Dr KRA MJ Widijatmoko SH SpN

Lisza Nurchayatie SH MKn

 

 

Transformasi hukum korporasi di Indonesia telah bergeser secara signifikan dari sistem manual yang birokratis menuju digitalisasi yang menuntut akurasi dan transparansi tinggi. Dalam konteks Perseroan Terbatas (PT), pemindahan hak atas saham bukan sekadar transaksi komersial antara penjual dan pembeli, melainkan sebuah proses hukum berantai yang melibatkan validitas akta, pencatatan internal oleh organ perseroan, hingga pelaporan publik kepada negara melalui sistem Administrasi Hukum Umum (AHU) Online. Berdasarkan Undang-Undang Nomor 40 Tahun 2007 tentang Perseroan Terbatas (UUPT) yang telah diperbarui melalui Undang-Undang Nomor 6 Tahun 2023 (UU Cipta Kerja), keabsahan pemindahan hak atas saham terhadap pihak ketiga dan perseroan itu sendiri sangat bergantung pada kepatuhan terhadap prosedur pencatatan yang bersifat imperatif.

 

Ketentuan hukum di Indonesia mengklasifikasikan saham sebagai benda bergerak yang memberikan hak-hak subjektif kepada pemiliknya, seperti hak suara, hak dividen, dan hak atas sisa kekayaan likuidasi. Namun, berbeda dengan benda bergerak berwujud, peralihan hak milik atas saham atas nama memerlukan formalitas administratif yang ketat guna menjamin kepastian hukum bagi kreditor, investor, dan otoritas pengawas. Persoalan mengenai siapa pihak yang wajib dan bertanggung jawab untuk mengajukan pencatatan pemindahan hak menjadi sangat krusial, mengingat kelalaian dalam proses ini dapat mengakibatkan degradasi hak kepemilikan menjadi sekadar klaim kontraktual yang tidak diakui oleh perseroan.

 

Landasan Yuridis dan Mekanisme Pemindahan Hak atas Saham.

 

Eksistensi saham dalam sebuah perseroan merupakan representasi dari modal yang ditempatkan dan disetor, yang secara hukum melekat pada subjek hukum tertentu. Pasal 56 UUPT secara tegas mengatur bahwa pemindahan hak atas saham atas nama wajib dilakukan dengan akta pemindahan hak. Akta ini dapat berupa akta otentik yang dibuat di hadapan notaris maupun akta di bawah tangan yang dibuat oleh para pihak. Penggunaan akta notaris seringkali menjadi preferensi utama dalam transaksi korporasi berskala besar karena memberikan kekuatan pembuktian yang sempurna dan merupakan syarat prasyarat dalam penginputan data ke sistem AHU Online.

 

Secara normatif, pemindahan hak atas saham dimulai dari adanya hubungan hukum yang melandasinya, seperti jual beli, tukar menukar, hibah, atau peralihan karena hukum seperti kewarisan. Dalam transaksi jual beli, hubungan hukum tersebut bersifat obligatoir, di mana penjual berkewajiban menyerahkan hak milik atas saham dan pembeli berkewajiban membayar harga yang disepakati. Namun, penyerahan (levering) saham atas nama tidak terjadi hanya dengan penyerahan fisik surat saham, melainkan melalui penandatanganan akta pemindahan hak dan pencatatannya dalam Daftar Pemegang Saham (DPS).

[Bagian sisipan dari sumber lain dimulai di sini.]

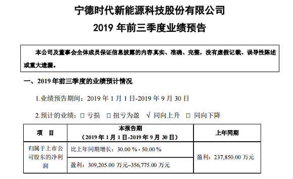 10月14日晚,宁德时代新能源科技股份有限公司(以下简称:宁德时代)发布了2019年前三季度业绩预告。预告显示,截止到9月30日,宁德时代预计今年前三季度归属于上市公司股东的净利润为30.92亿-35.68亿元,相比去年同期的23.79亿元增长了30%-50%。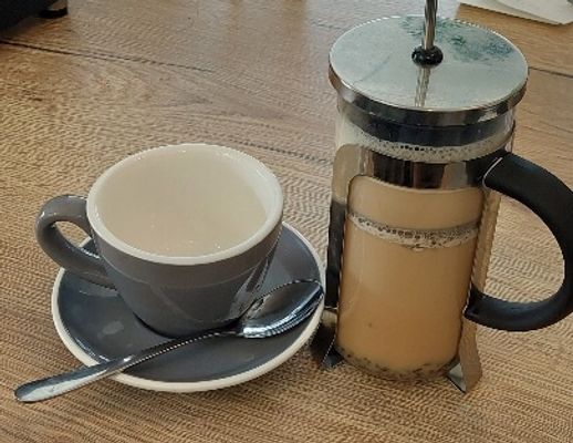 made with Planet Organic chai tea leaves, honey, topped with frothy milk in a plunger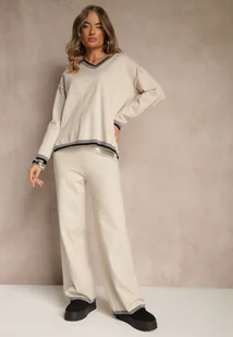 Jasnobeżowy Dzianinowy Komplet z Ozdobną Lamówką Sweter i Szerokie Spodnie Ralenae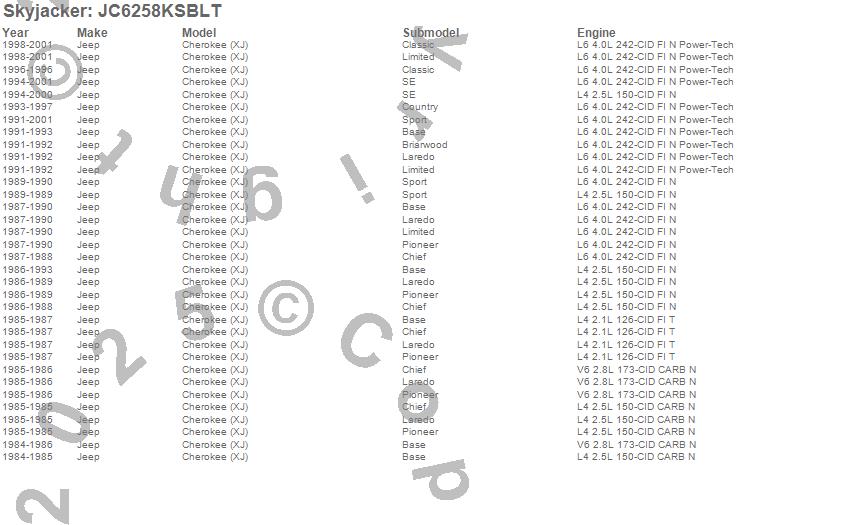 Skyjacker - Rock Ready Suspension Lift Kit P/N JC6258KSBLT Features:

Tabel 1 : Perbandingan Dasar Hukum Pemindahan Hak atas Saham.

 

Aspek

UU No. 40 Tahun 2007 (UUPT)

UU No. 6 Tahun 2023 (Cipta Kerja)

Definisi Modal

Modal dasar minimal Rp50.000.000,- (kecuali ditentukan lain).

Modal dasar ditentukan oleh kesepakatan pendiri PT.

Instrumen Pemindahan

Akta pemindahan hak (Notariil/Bawah Tangan).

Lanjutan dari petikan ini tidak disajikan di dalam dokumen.